/ 3 June 2009

Zuma makes ‘mall-marks’

Will historians looking back over President Jacob Zuma’s five years in office talk about the ”mall-marks” — rather than hallmarks — of his administration?

Last Sunday he chose Soweto’s Maponya Mall for his first presidential walkabout, and followed this by opening the Pan African Mall in Alexandra. His speeches highlighted consumerism and self-aggrandisement as benchmarks of freedom.

At Maponya Mall, Soweto’s first such centre, Zuma said: ”I came here because I wanted to see the shopping mall, because this tells a new story. Here you can walk into world-class shops and buy what you want. You don’t have to go to town, or Northgate, Southgate, Eastgate or Westgate. This is a story of our freedom.”

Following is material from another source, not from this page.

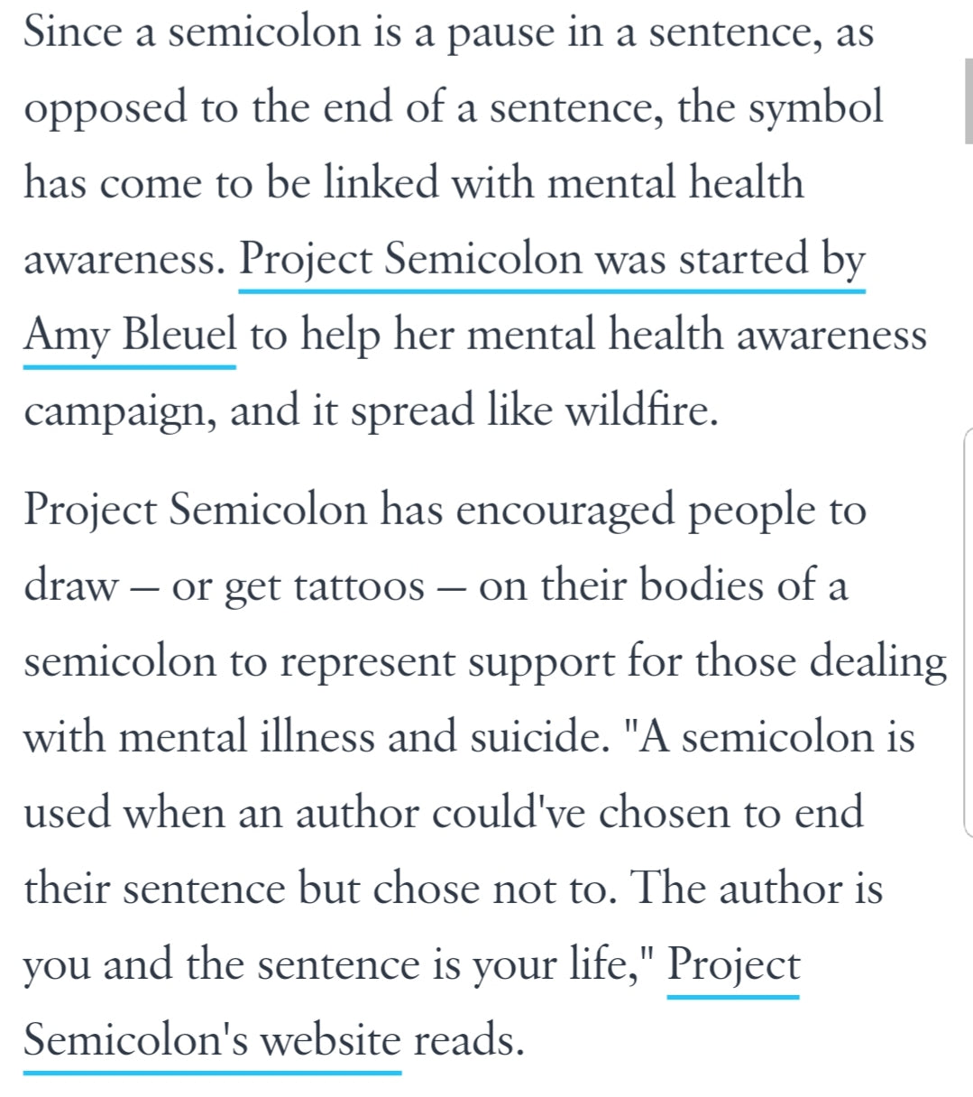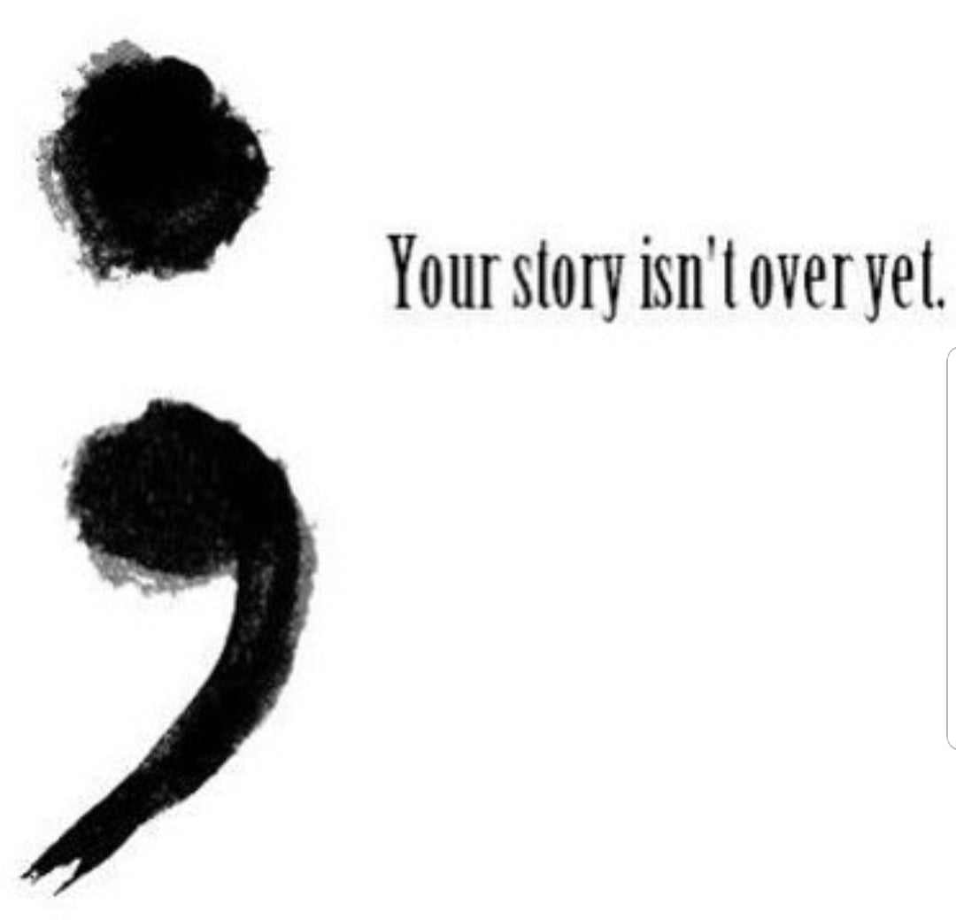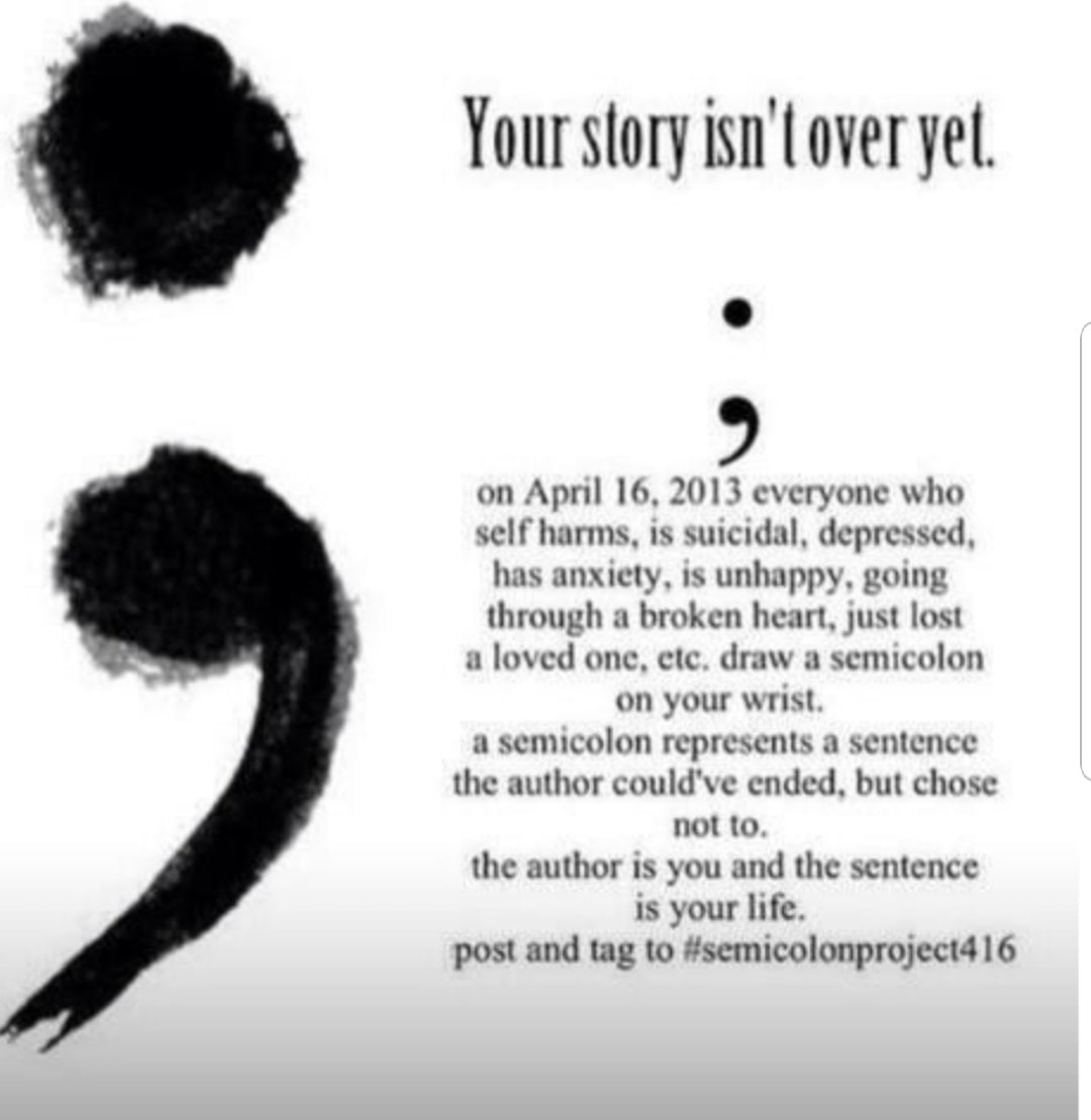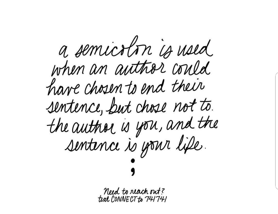 Suicide prevention & awareness. The semicolon Symbol is used when an Author could have chosen to end their sentence but chose not to. It represents a pause. You are the author of your own story and can choose to continue on.

Presidential reigns can sometimes be characterised by a single, all-encapsulating utterance. In the case of former president Thabo Mbeki’s nurturing of a voracious strugglista bourgeoisie, it was Smuts Ngonyama’s ”I didn’t struggle to be poor.”

The early signs are that Zuma’s may be ”Let them eat franchise chicken wings — And lay-bys and debt to multinational retailers can’t be such a bad thing.”

At the Pan African Mall, Zuma and Gauteng Premier Nomvula Mokonyane bleated on about job creation and the financial injection into ”ekhasi” which this integrated mall and taxi facility — the first of its kind — will bring . But comrades in the catering workers’ union Saccawu may beg to differ. They’ve been fighting a long-running battle against multinational retailers such as Shoprite Checkers — usually the anchor tenants in malls — centred on oppressive labour practices and the casualisation of labour.

In Durban, the municipality appears eager to replace the Early Morning Market in Warwick Triangle with a shopping mall. About 8 000 informal jobs, including informal traders and barrow operators, are likely to give way to chain stores. At the time of going to press the city had reneged on an agreement reached earlier in the week that all plans would be put off until further consultation with stakeholders.

On Thursday city officials notified vendors that they had to move out in two days’ time. The municipality appears keen to develop the mall with indecent haste. This may have less to do with ”urban rejuvenation” than with regulating economic flow from the informal economy into the hands of a few. Researchers estimate pavement traffic in the Warwick area at close to 400 000 people a day. And the annual turnover in the area a few years ago was close to R1-billion.

Sometimes in the ”national democratic revolution” the more things change, the more they stay the same. And the poor would prefer chicken wings to coq au vin, anyway.